Going with good glass filters if there was a way to make a rotating disk with the filters mounted in them you could change to the next filter pretty quick. Oversize glass would be handy. Would take some inventive engineering to get a practical mount for that.
Alternatively something like the cokin system that would allow the glass filters to be dropped in would be pretty fast change too.
For me personally, I don't own a DSLR or really any digital camera except my phone. I don't mind devoting a few B/W sheets and the chemicals to develop them, though. From everything I've seen I should be able to colorize and merge the negatives with software rather easily, assuming I expose them correctly in the first place.
Tin Can
Digi and film are quite different in this respect, with an appropriate film having much greater linearity. But it takes a LOT more than a few sheets of film to learn the ropes.

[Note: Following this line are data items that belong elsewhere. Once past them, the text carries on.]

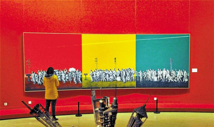 進(jìn)入中國美術(shù)館正中圓廳,巨幅三聯(lián)作《時(shí)代之歌——闖·創(chuàng)·窗》格外令人矚目。廣東省美術(shù)家協(xié)會副主席、深圳市文聯(lián)專職副主席梁宇向記者表示,“我畫的是不同時(shí)期的普普通通的深圳建設(shè)者,正是他們鑄就了深圳發(fā)展的奇跡?!?/p>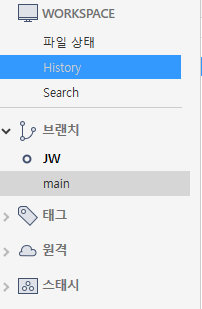소스트리에서 생성한 JW 브랜치가 선택되어 있는 것을 볼 수 있다. 하지만 깃랩에서 생성한 브랜치와 연동이 필요하다.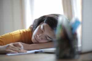 woman in yellow shirt resting on her arm

Trouble with that would be dust, anyway. Filters in the holder project any dust from the filter sharply onto the film. You already have 6 surfaces per image (3 sheets, front and back) to try and keep dust-free. Add a filter close to each piece of film and you increase that to 12 surfaces all combining their dust onto one photo. I would not want to spot that print.
If I were doing this, I would use a cokin type holder for square filters. Filter changes are quick and easy if you have everything ready. Expose in either ascending or descending order of filter factor so you’re not juggling settings around too much. You could get your three exposures as quick as a minute or minute and a half with regular holders and even less with a grafmatic and some practice.